## Your objective
Copy the lines below word for word, skipping any image.

## Supplied data
──────────
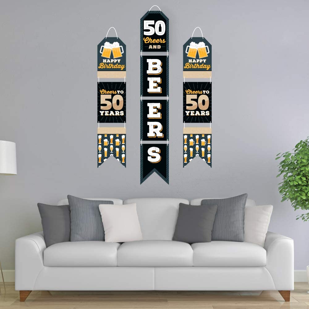 Cheers and Beers to 50 Years - Hanging Vertical Paper Door Banners - 50th Birthday Party Wall Decoration Kit - Indoor Door Decor is backordered and will ship as soon as it is back in stock.
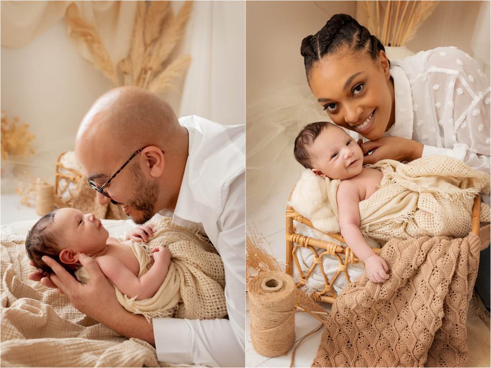 Il y a quelque chose de magique dans les premiers jours d’un nouveau-né. Chaque expression, chaque geste, semble être empreint de pureté et de merveille. C’est dans cet esprit que nous avons accueilli Noham au studio pour une séance photo qui capturerait ces moments précieux, imprégnés d’amour et de tendresse.
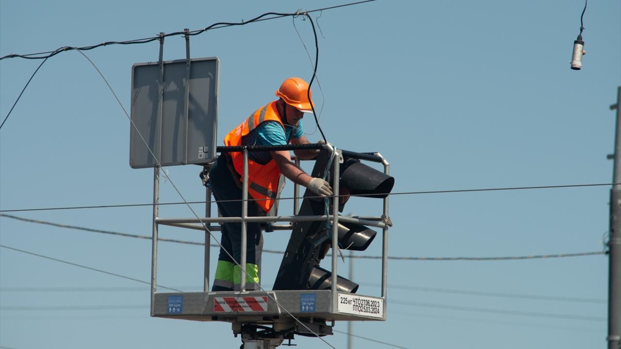Belediye işçileri olayın ardından zarar gören trafik lambasını onardı.
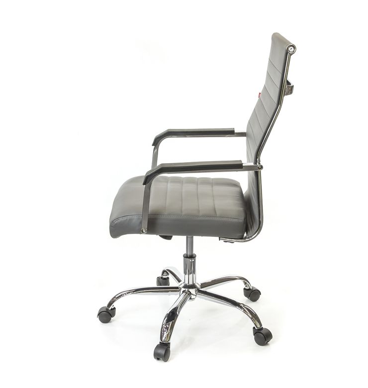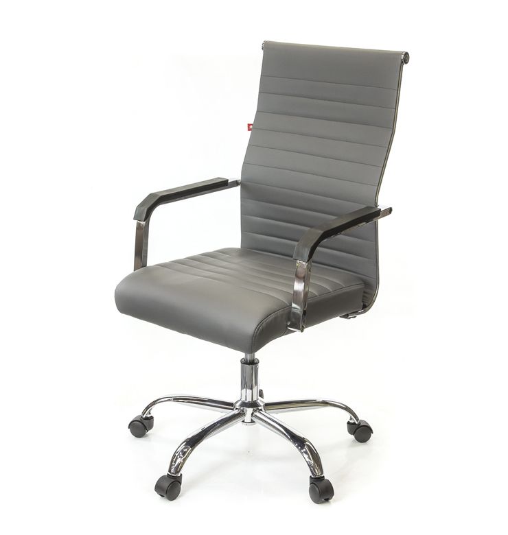 У данной модели оригинальные подлокотники из металла, которые крепятся к основной раме сбоку болтовыми соединениями. Для большего удобства подлокотники оснащены чехлами из черного пластика, которые уберегут ваши руки от контакта с холодным металлом. Высота подлокотников подобрана таким образом, чтобы в нижнем положении сидения кресло можно было задвинуть под рабочий стол и освободить пространство возле стола. Крестовина кресла Кап FX изготовлена из металла. Такая крестовина очень прочная и может выдерживать нагрузку до 150 кг. Блестящее хромированное покрытие металла не только красивое, но и очень прочное. Оно не боится интенсивных нагрузок и не подвержено царапанию. Ролики обеспечат креслу необходимую мобильность. Для данной модели отлично подойдут ролики с хромированными накладками, которые по желанию можно заказать дополнительно. Эргономика конструкции – еще один плюс данной модели. Каркас кресла их металлической трубы имеет небольшой прогиб в поясничной области, что обеспечивает правильную поддержку позвоночника. Кресло в меру жесткое, а значит, будет беречь вашу спину от усталости и сохранит правильную осанку. Металлическая поперечная планка на спинке кресла - это не только элементы декора. Она увеличивает жесткость конструкции, а также ее можно использовать как удобную ручку для перемещения кресла. В сидении использован мягкий наполнитель из мебельного поролона, который отлично держит форму и не просаживается со временем.
──────────
## Answer to this exercise
 Cheers and Beers to 50 Years - Hanging Vertical Paper Door Banners - 50th Birthday Party Wall Decoration Kit - Indoor Door Decor is backordered and will ship as soon as it is back in stock.
 Il y a quelque chose de magique dans les premiers jours d’un nouveau-né. Chaque expression, chaque geste, semble être empreint de pureté et de merveille. C’est dans cet esprit que nous avons accueilli Noham au studio pour une séance photo qui capturerait ces moments précieux, imprégnés d’amour et de tendresse.
Belediye işçileri olayın ardından zarar gören trafik lambasını onardı.
 У данной модели оригинальные подлокотники из металла, которые крепятся к основной раме сбоку болтовыми соединениями. Для большего удобства подлокотники оснащены чехлами из черного пластика, которые уберегут ваши руки от контакта с холодным металлом. Высота подлокотников подобрана таким образом, чтобы в нижнем положении сидения кресло можно было задвинуть под рабочий стол и освободить пространство возле стола. Крестовина кресла Кап FX изготовлена из металла. Такая крестовина очень прочная и может выдерживать нагрузку до 150 кг. Блестящее хромированное покрытие металла не только красивое, но и очень прочное. Оно не боится интенсивных нагрузок и не подвержено царапанию. Ролики обеспечат креслу необходимую мобильность. Для данной модели отлично подойдут ролики с хромированными накладками, которые по желанию можно заказать дополнительно. Эргономика конструкции – еще один плюс данной модели. Каркас кресла их металлической трубы имеет небольшой прогиб в поясничной области, что обеспечивает правильную поддержку позвоночника. Кресло в меру жесткое, а значит, будет беречь вашу спину от усталости и сохранит правильную осанку. Металлическая поперечная планка на спинке кресла - это не только элементы декора. Она увеличивает жесткость конструкции, а также ее можно использовать как удобную ручку для перемещения кресла. В сидении использован мягкий наполнитель из мебельного поролона, который отлично держит форму и не просаживается со временем.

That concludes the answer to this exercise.